11. Discrepancy and Claim:
In case any discrepancy on quality/quantity/weight of the goods is found by the customer after the goods arrive at the port of destination, claim which should be loaded with WDBA within 15 days after the goods arrive at the port of destination, otherwise, WDBA will not undertake the responsibility. However, WDBA shall not be held responsible either for compensation of losses due to natural causes or for those within the responsibility of the customers. In the event either WDBA fails to affect the shipment or the customer fails to establish the relevant L/C within the respective time limits as set forth in the above, or the L/C does not correspond with the contract terms and the customer fails to amend it in time, the complaining party shall have the right to cancel this contract and to claim on the party at fault for compensation of direct losses, if any, sustained therefrom, unless in cases where Force Majeure is applicable.
12. Applicable Law:
The General Terms of Sales and Delivery, the contract & order signed by each party shall apply to Indiana Law.

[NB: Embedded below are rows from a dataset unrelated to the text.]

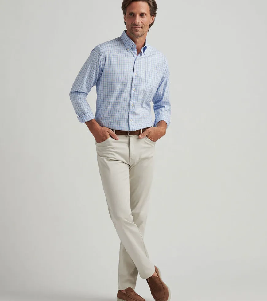 These work-to-weekend favorites offer the classic look and feel of traditional twill shirts in an innovative easy-care fabric that stretches and wicks moisture for all-day comfort. Finished with a button-down collar, French placket and double-button barrel cuffs.
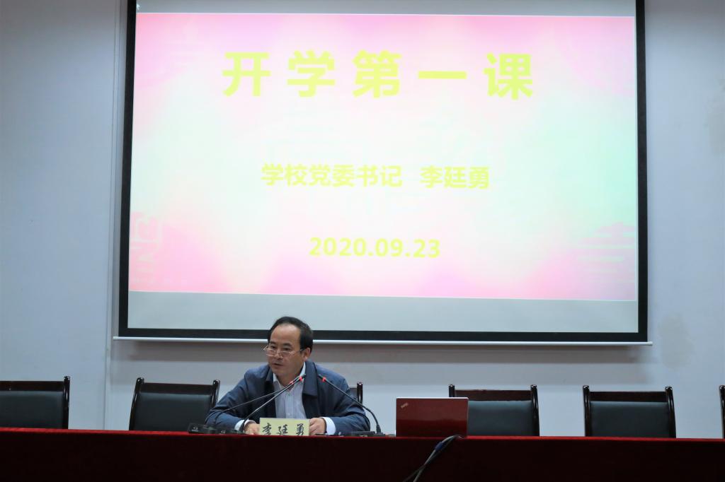 9月23日晚,在学院新生入学典礼后,学校党委书记李廷勇为我院2020级本科新生带来一堂题为“做一名德智体美劳全面发展的社会主义建设者和接班人”的开学第一课。我院领导班子、学工队伍、党政办工作人员及全体新生参加并认真聆听了这堂别开生面的第一课。
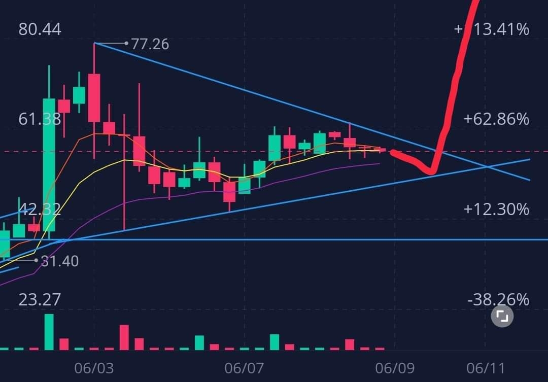 AMC has been in a consolidation period since last Tuesdays big run up. As the symmetrical triangle comes to a close the price will break out up or potentially down. Tomorrow looks like it will be a down day until we bounce off the support level. IF we get a good bounce off the support we could break out up to the next level. A break out is typically the length of the flag pole, which should take the price up to around 88-90 dollar range. This is what big money will be waiting to see before they buy in. So we need to see LOTS of buying power when the price meets that level of support for the bounce.
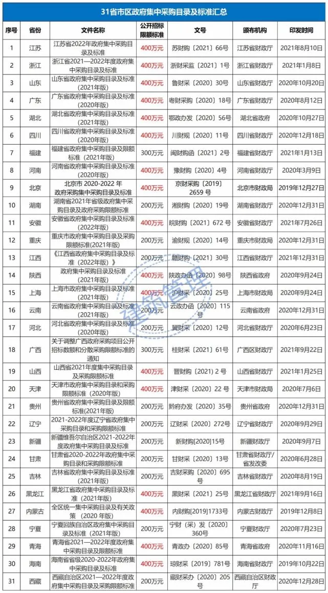 截至目前,已有25省市區(qū)發(fā)布2021年版或2022年版的政府采購集中采購目錄及標(biāo)準(zhǔn),其余6省執(zhí)行的是2020年版本文件。本文為除港澳臺(tái)外31個(gè)省最新采購政策大盤點(diǎn)!
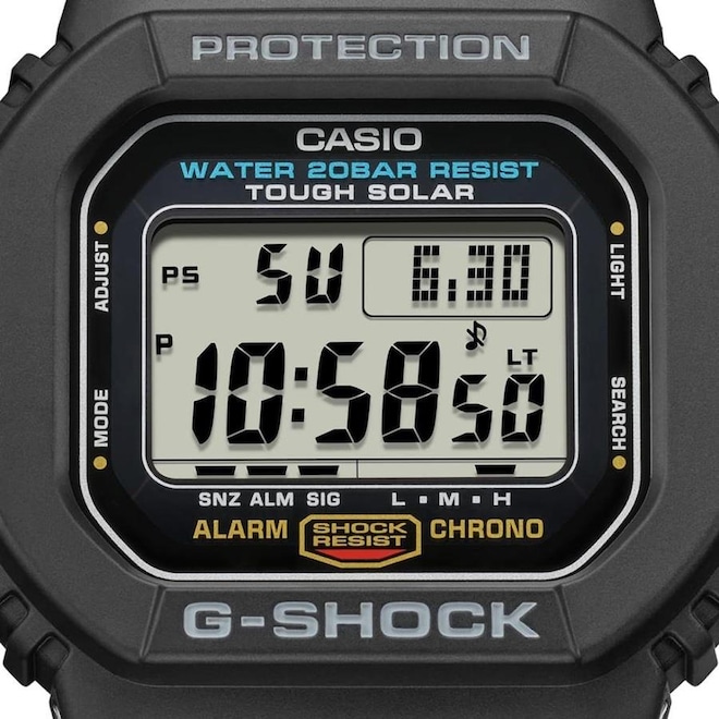 Esses modelos Tough Solar oferecem uma escolha entre o design G-5600 G-SHOCK original e o design G-6900 que é tão popular entre os seguidores da moda urbana de hoje em dia. O sistema Tough Solar, equipado sem alterar o design básico dos relógios, possibilita a geração de energia suficiente para manter o relógio em funcionamento com exposição mínima à luz normal. Os designs simples desses relógios foram obtidos com a eliminação do máximo de cores e de decorações.
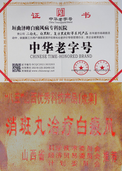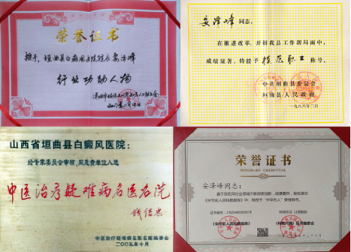 安泽峰院长和他的助手研发的"消斑汤"、"二白丸"、"复方黑皮酊"、"白黑酊"等系列中药方剂,采用内服外涂配合理疗、针灸、黑色素移植、308激光等方法,临床治疗180000 余例患者,基本痊愈率在国内较高。40多年来,全国 30多个省、香港、澳门特别行政区,以及日本、英国、德国等国家和地区的患者络绎不绝,慕名前来求治,倍受赞誉。著名皮肤科教授朱光斗对该院治疗白癜风的临床疗效作了充分肯定和很高评价,定位全国治疗白癜风代表性医院。自制"二白丸,荣获马来西亚国际新技术新产品特等大奖,被山西省科委、经贸委、计委作为山西"八五"优秀科技产品(成果)推荐。《人民日报》、《健康报》、《中国医药报》、《山西日报》等报刊杂志对该院成绩作了报道,誉为"深山里的美容师",山西省工商局授予"守合同,重信用"单位,运城市委、市政府授予"百佳诚信单位",中国中医药科技开发交流中心、国家中医药管理局科技成果推广项目办公室授予"白癜风项目发明单位"。
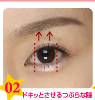 目を縦に大きく見せるため、マスカラは上に向かって垂直に、下まつ毛は真ん中のみ(黒目の幅が目安)しっかり塗る。アイシャドウはまつ毛のつけ根を濃く、二重まぶたのラインより少し大きめに。 |
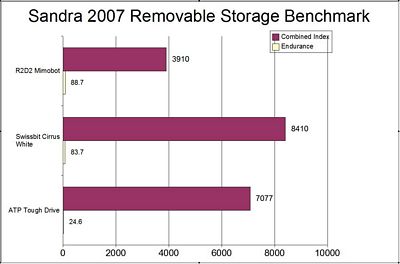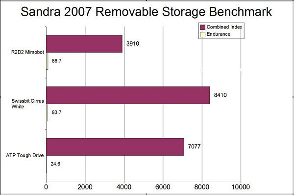 Next up I went with SiSoft Sandra 2007 Removable Storage Benchmark and compared the same drives. Higher is better of course for all scores.
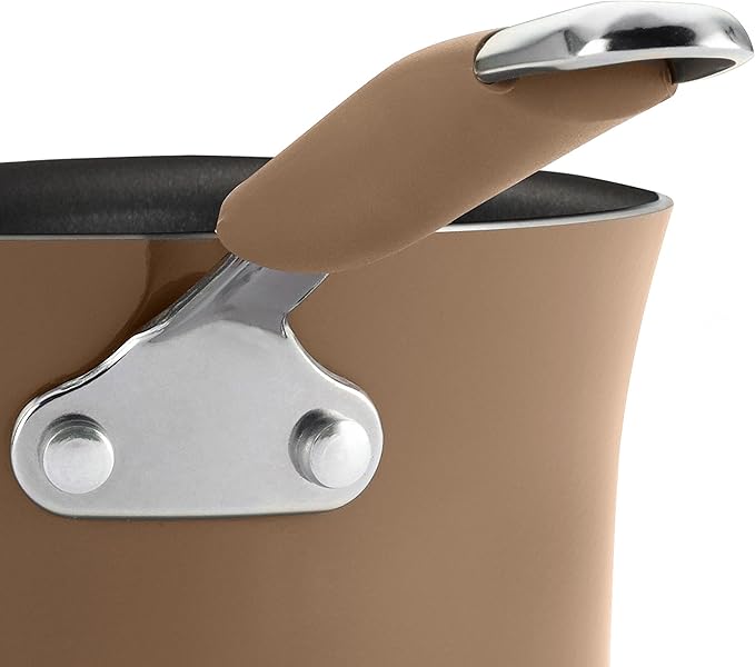 - DURABLE BY DESIGN: Rachael Ray’s Cucina nonstick pots and pans are crafted with durable aluminum and sturdy hard-enamel porcelain exteriors (in stylish colors!), so they’re long lasting and good looking

All disputes arising from the execution of this agreement shall be settled through friendly consultations. In case no settlement can be reached, the case in dispute shall then be settled in accordance with Indiana law. The decision made by this commission shall be regarded as final and binding upon both parties. The losing party shall bear arbitration fees unless otherwise awarded.
14. Other Provisions:
Any information regarding the business shall be deemed confidential and may not be transferred to any third person excluding cases provided by the government laws.